I don't remember the journey to this village. Only fragments—flashes of silver light cutting through darkness, the faint hum of power thrumming beneath my skin, and voices speaking in hushed urgency. Then, warmth. A steady heartbeat beneath my cheek, arms wrapped protectively around me.
The first face I truly remember was hers.
Mito Uzumaki.
Her hair was the color of autumn leaves, long and flowing like a river of fire. Her eyes, sharp yet kind, held a strength that needed no words. And when she looked at me, I felt something unfamiliar—something that settled deep in my chest like an anchor.
Safety.
"Konoha will be your home now," she had said, kneeling in front of me, her hands firm on my shoulders. "And I will be your mother."
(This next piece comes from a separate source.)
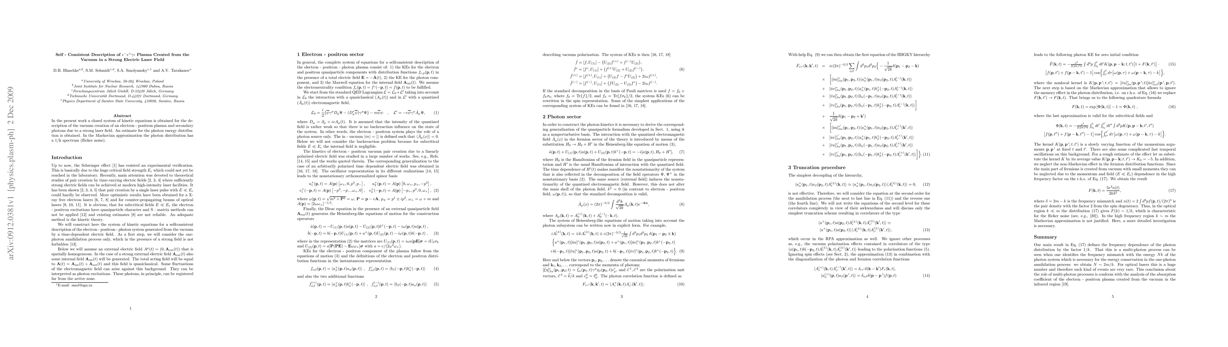 This paper develops a closed kinetic equation system to describe the vacuum creation of an electron-positron plasma and secondary photons under a strong laser field, finding that the photon energy distribution exhibits a 1/k spectrum (flicker noise) in the Markovian approximation.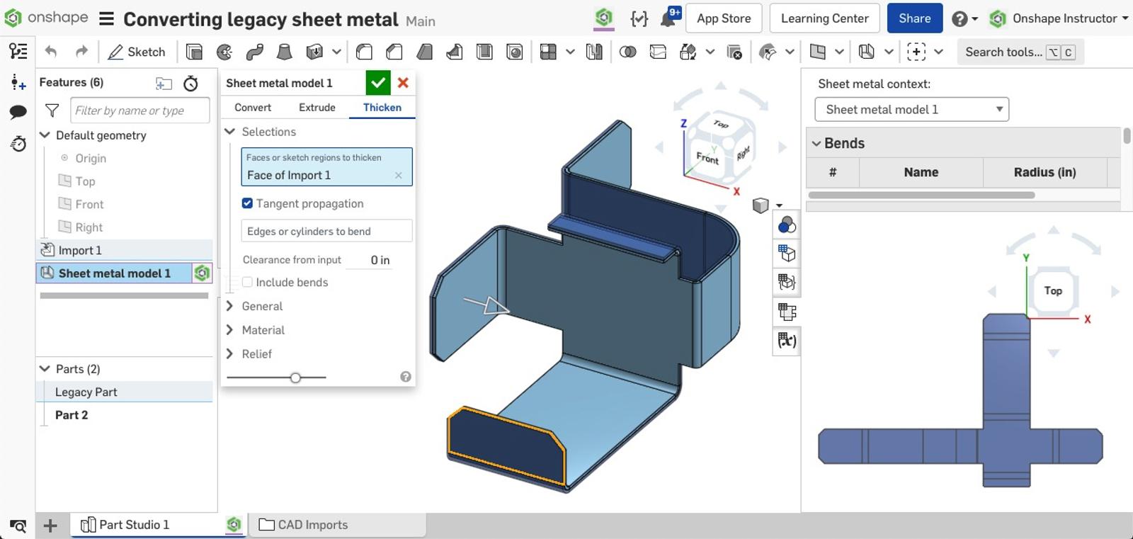 Using the Thicken workflow, legacy sheet metal parts can be imported and converted to workable Sheet Metal models in Onshape. Once imported and converted, the part will act like a Sheet Metal part created from scratch in Onshape.

I had only stared at her then, trying to understand what that meant. I had a mother. A father. A family that had sent me away. The memories of them were distant, like echoes of a life that no longer belonged to me.
But Mito's voice was steady. Certain.
So I nodded.
At first, life in Konoha was quiet. I was given no clan name, no formal title. I was simply a child under Mito's care, living in the grand yet secluded Senju compound. To the villagers, I was an outsider—an orphan taken in by the wife of the First Hokage. Some whispered, some speculated, but no one questioned Mito's decision.
She treated me as her own, but I knew, even then, that I was different.
My body carried a weight that the other children did not. Chakra coiled within me like a living thing, shifting, restless, unnatural in its vastness. My instincts were too sharp, my awareness too keen. I learned to watch, to listen, to blend in without revealing too much.
The Hyūga were the first to notice.
"He has the look," I overheard one of them murmur during a clan gathering. "Pale skin. Those eyes. He must be a Hyūga half-blood."
A part of me wanted to correct them.
Another part knew better.
I belonged to no clan. No village. My true heritage was something no one could begin to comprehend. If they wished to believe I was one of them, then so be it.
The misunderstanding suited me just fine.